Entre as que tenho usado para melhor refletir e tentar fundamentar minhas leituras.

1. AQUINO, Tomas. O ente e a essência. Petrópolis- RJ: Editora Vozes, 2013.

“Marco entre as várias obras do autor, o livro adota posições que decidem, em grande parte, o destino do pensamento ao qual dá forma - o ente, o ser, a substância em suas divisões e em sua individuação, o acidente e as relações de tudo isto com as intenções lógicas. Uma obra de juventude, decisiva na medida em que torna transparente as diretrizes gerais da metafísica.”

2. GILSON, Étienne.  O ser e a essência. São Paulo: Editora Paulus, 2016.

“Foi com a publicação de O ser e a essência (1948) que Gilson verdadeiramente irrompeu no debate filosófico contemporâneo, constrangendo muitos [...] a admitir que esta pequena palavra, ser , que certa tradição idealista havia tentado inutilmente banir do vocabulário filosófico, abrigava, talvez, se não o destino do Ocidente , ao menos o lugar de uma de suas mais antigas e constantes querelas. Muitos se convenceram, ao ler Gilson, de que São Tomás teria ocupado nesse debate um lugar no mínimo original e importante, o qual não poderia mais ser ignorado, ainda mais – e sobretudo – ao se querer tomar partido na polêmica que então o existencialismo conduzia contra o suposto essencialismo de toda a tradição. Em suma, independentemente de suas virtudes próprias, este livro, desta vez reconhecido imediatamente como um livro de um filósofo, ainda que também seja um livro de historiador, teve, ao mesmo tempo, o mérito e a sorte de vir em boa hora, de responder à expectativa difusa de um público filosófico que acabava de descobrir, [...] a importância e – poder-se-ia dizer – a atualidade persistente da questão- o que é o ser?”

3. HADOT, Pierre. A filosofia como maneira de viver: entrevistas de Jeannie Carlier e Arnold I. Davidson. (Trad. Lara Christina de Malimpensa). São Paulo: É Realizações, 2016.

“Em uma série de entrevistas com Arnold I. Davidson e Jeannie Carlier, Pierre Hadot revela as chaves de seu itinerário de vida e de seu pensamento filosófico. Com base em suas reflexões sobre a filosofia antiga, Hadot descobre uma maneira de filosofar segundo a qual fazer filosofia não consiste em resolver problemas abstratos, mas em melhorar nossa forma de viver. O gênero da entrevista permite ao leitor penetrar de forma amena no pensamento de Hadot."

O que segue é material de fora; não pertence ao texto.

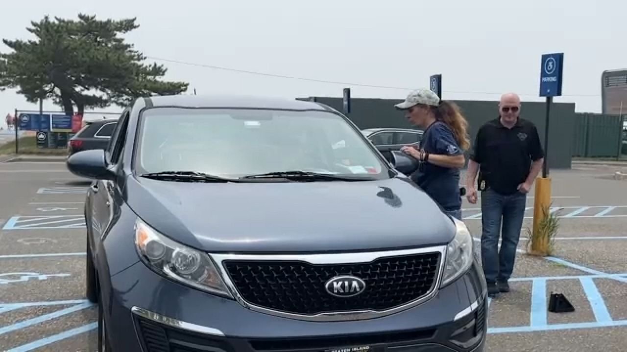 Karen Parana llegó al operativo de entrega gratuita de Apple Air tags o dispositivos GPS y plasmado de números de serie a los catalíticos de distintos carros en la comunidad de Staten Island.
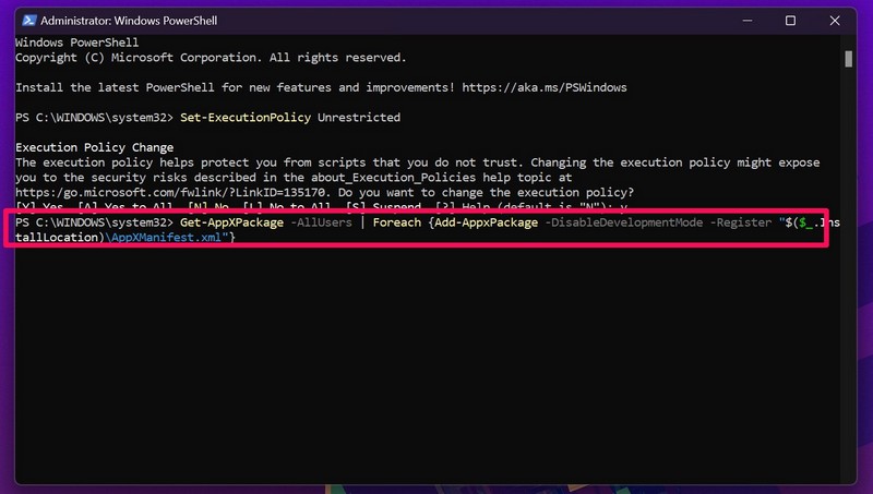 4. Återställ Windows-säkerhet med Powershell i Windows 11
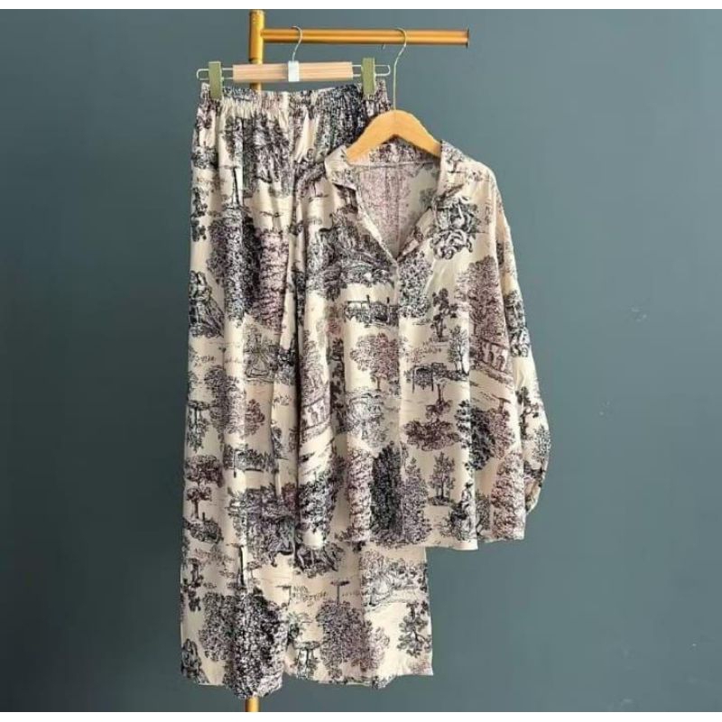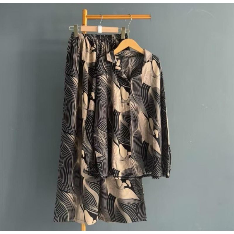 SETELAN KEMEJA CELANA KULLOT/ONESET PIYAMA CELANA MOTIF RAYON PREMIUM
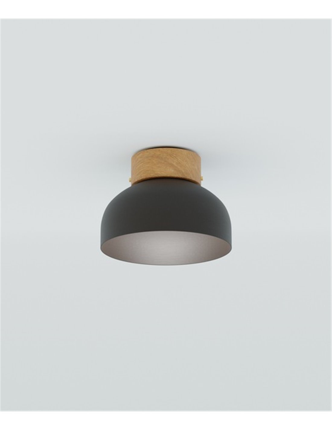 Plafón de techo Reiko – Robin – Lámpara redonda de metal y madera de fresno, Ø 21 cm

4. ______. Exercícios espirituais e filosofia antiga. Trad. Flavio Fontenelle Loque e Loraine Oliveira. Prefácio de Davidson, Arnold. São Paulo: É Realizações, 2014.

“Nos ensaios reunidos neste volume, o filósofo e historiador da filosofia Pierre Hadot traça o panorama histórico da noção de “exercício espiritual” e traz novamente à cena filosófica o debate acerca do estatuto da filosofia e da figura do filósofo. Com ele, voltamos a pensar o quanto a filosofia deixou de ser uma “atividade”, uma prática, para se tornar, cada vez mais, um “discurso”. Hadot propõe, ao contrário, um resgate da filosofia como “maneira de viver”.

5. RICOUER, Paul. Ser, essência e substância em Platão e Aristóteles. São Paulo: Martins Fontes, 2014.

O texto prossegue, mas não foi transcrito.